Beberapa minggu lalu saya diajak karyawisata sama dosen pembimbing. Katanya dia mau kasih lihat vegetasi di sini seperti apa dan penelitian-penelitian yang dilakukan di sini tuh kayak apa aja. Kami bertiga: saya, Pak Guru, dan Kat (rekan seperjuangan), pergi ke hutan pinus ponderosa bekas kebakaran. Lokasinya ngga jauh dari kampus, mungkin hanya sekitar 20 menit perjalanan.

Kebakaran memang sudah menjadi hal rutin yang dialami hutan di daerah Barat Daya (Southwest) Amerika . Dulu setiap 5 tahun sekali bisa terjadi kebakaran. Sampai akhirnya tahun 1910-an pemerintah membuat kebijakan untuk menekan laju kebakaran hutan. Ditambah lagi, mulai banyak pemukiman penduduk yang masuk ke kawasan hutan, sehingga kebakaran-kebakaran kecil berhasil dikurangi.

Ternyata eh ternyata, kebakaran yang dulu biasa terjadi selama 5-10 tahun sekali tuh punya dampak besar bagi ekosistem. Kebakaran bisa membersihkan tumbuhan tingkat bawah dan mencegah akumulasi bahan kebakaran di masa mendatang. Frekuensi kebakaran yang berhasil diturunkan oleh pemerintah, ternyata malah membuat kebakaran semakin parah. Karena ngga ada kebakaran kecil lagi, tumbuhan tingkat bawah bisa tumbuh subur dan menjadi bahan bakar yang sangat banyak buat kebakaran di masa mendatang. Jadilah kebakaran yang terjadi jauh lebih besar dan lebih parah dari kebakaran rutin yang dulu terjadi. 


Ini contoh bekas kebakaran yang saya kunjungi. Kebakaran besar terjadi di tahun 2015 dan membuat banyak pohon-pohon mati tak berbekas. Kini sudah kelihatan tumbuhan pionir seperti rerumputan, semak, dan tunas pohon pinus baru. Kalau kebakarannya besar dan sampai menghabiskan kanopi pohon biasanya disebut crown fire. Biasanya kebakaran crown fire tuh bisa bikin hutan tak bersisa. 

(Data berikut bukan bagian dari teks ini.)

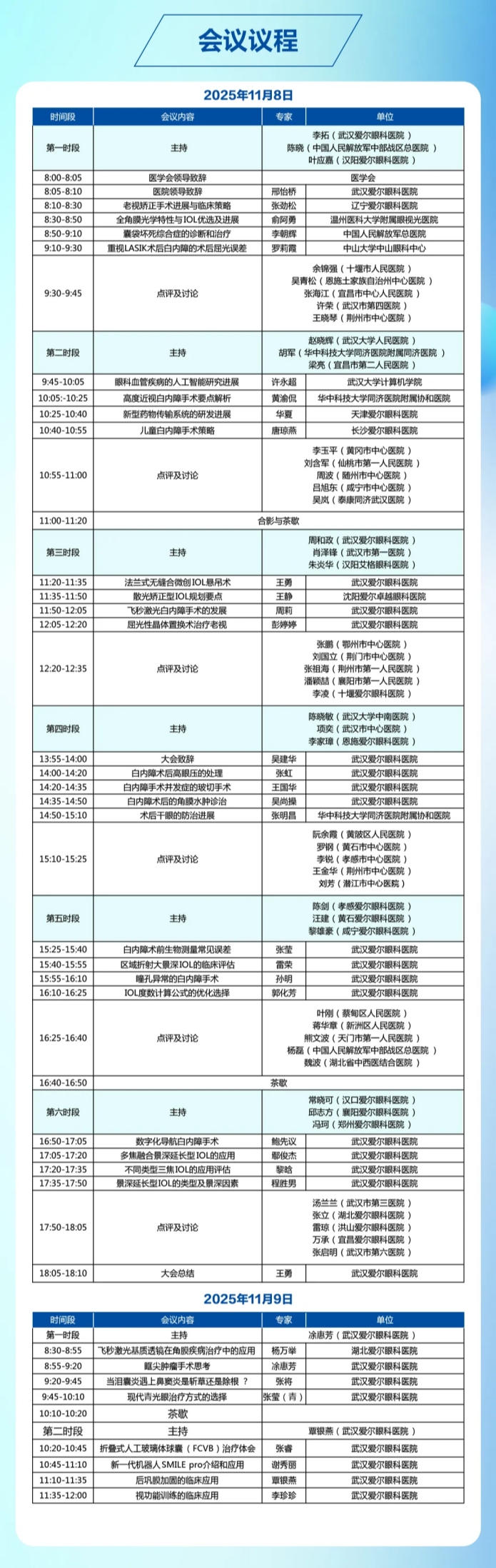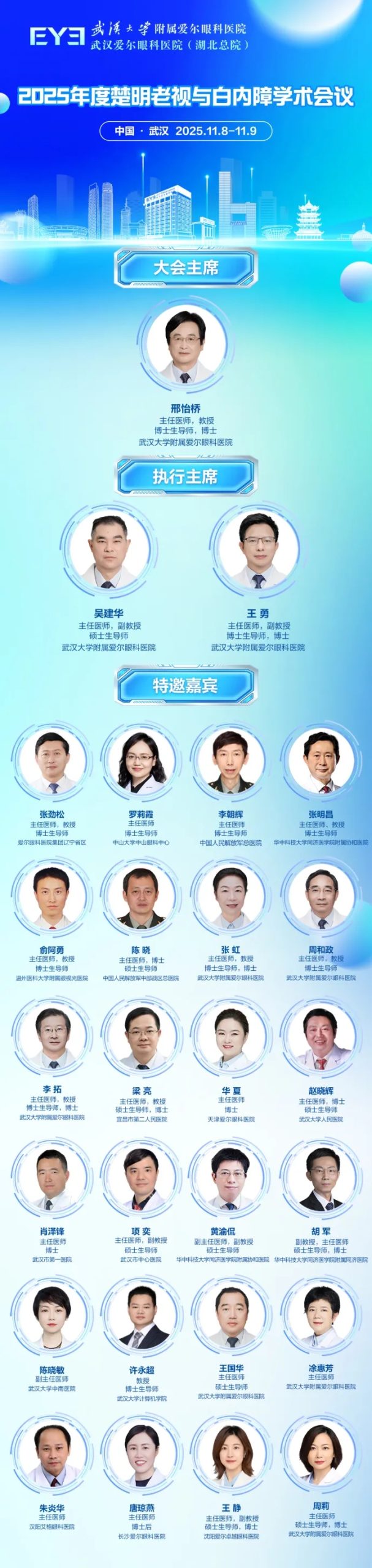 眼科医学的蓬勃发展,离不开新理念的引领与新技术的驱动。为促进临床眼科医生实践操作能力的提升,推动华中地区眼科学术更高水平发展,2025年11月8日—11月9日将举办2025年度楚明白内障学术会议,以专业赋能助力光明事业前行。

Hutan di sini memang rentan sekali terjadi kebakaran, terutama di musim panas. Curah hujan yang rendah membuat udara, vegetasi, dan tanah menjadi kering dan mudah terbakar. Foto di atas terlihat ada tiga pohon besar yang terbakar puluhan tahun yang lalu. Pada saat itu, angin berhembus kencang sekali dari arah kiri ke kanan. Akhirnya semua pohon jatuhnya ke sisi kanan. Pohon yang sebesar itu pun akhirnya bisa diluluhkan juga oleh api dan angin. Beberapa puluh tahun kemudian, regenerasi pohon pinus yang lebih muda terlihat mulai bermunculan dan mendominasi kawasan.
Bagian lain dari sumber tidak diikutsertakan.